He says "we got the money now pawpaw we can buy you a pocket knife and a pistol"


----------



## hoechucker (Mar 20, 2010)

i thought it was "a pistol and a pocket knife"


----------



## wvlogger (Mar 20, 2010)

hoechucker said:


> i thought it was "a pistol and a pocket knife"



does it matter


----------



## Johndirt82 (Mar 20, 2010)

Some people have natural talent some don't for certain things. I think it would help Dave out alot if someone would take the time to properly train him in running saws, limbing, bucking , landing ops, from there he just needs to practice and gain experience and I think he'd be ok. Its not rocket science.


----------



## mojorisin (Mar 21, 2010)

Racerboy832 said:


> DJ cause he's a worker, I'd like to see him on Deadlest Catch too since he is a crabber too. I like the swamp logger guy the one that lives in the swamps.


Hands down it's DJ.


----------



## A. Stanton (Mar 21, 2010)

A. Stanton said:


> Got to go with the Ragein-Cajun. Like his saying: "Now got money to buy a gun and new pocket knife."

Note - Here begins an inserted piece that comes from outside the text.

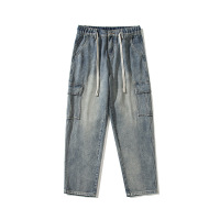 宽松直筒港风牛仔裤男基础款百搭多色松紧水洗拖地牛仔裤男生

Got another saying. When he's in the money, he says, "It's turtle soup tonight."


----------



## Jkebxjunke (Mar 22, 2010)

last night.... the one newbie pilot may "piss excellence" but I think bart was ####tin razorblades


----------



## DJ4wd (Mar 27, 2010)

Yeah that younger guy has more flying time but his cockyness is his downfall


----------



## husqvarnaX (Mar 29, 2010)

*Heli logger pilots*

I agree that new pilot seems like a dork. Its getting harder to find the new generation of pilots because all pilots trained in vietnam are retiring and the new generation of pilots is just starting to enter the work force


----------



## constantine (Apr 7, 2010)

*The Ragin' Cajun*

Gotta be Shelby hands down! That guy's Bayou patois is so thick they have to put on subtitles! On the last episode he had a Ruger Super Blackhawk .44 Mag for the 'gators. Better than that .22 he and Earl were foolin' around with earlier in the season.

I wonder if he built the "log-dog" himself. That's some machine. Also, any man who loves his dog (Willy) the way Shelby does is OK in my book.


----------



## caseyds (Apr 12, 2010)

*Wow*

What about DJ and those new teeth? You ever wonder how so many things can possibly go wrong with Jimmy? That man is always under a black cloud!! Anybody ever work with a guy like Melvin? You still want to choke him (or anybody in sight!) til the sun goes down.


----------



## gwiley (Apr 12, 2010)

*Connor pilot*

THe conner aviation pilot is impressive - he gets it done, is good at what he does and doesn't complain. My second favorite is Dave - the greenhorn on the Rygaard team - works hard, takes a lot of crap from Gabe and his dad. I especially appreciate his commitment to his son.

I have to admit though that the more I watch Axe Men the more I like American Logger. I really enjoy seeing the brothers work together to try to make a living - seems a lot more realistic than Axe Men.


----------



## K7NUT (Apr 19, 2010)

caseyds said:


> What about DJ and those new teeth? :



Those are some nice chopper's, it's hard to see him with them, got used to him not having any?
I'm happy for him!



gwiley said:


> My second favorite is Dave - the greenhorn on the Rygaard team - works hard, takes a lot of crap from Gabe and his dad. I especially appreciate his commitment to his son.
> 
> I have to admit though that the more I watch Axe Men the more I like American Logger. I really enjoy seeing the brothers work together to try to make a living - seems a lot more realistic than Axe Men.



We really like Dave too, he's a hard worker and he has taken alot of crap, but he's still there!
I have only seen American Logger once, but I would just like to see more chainsaw action!


----------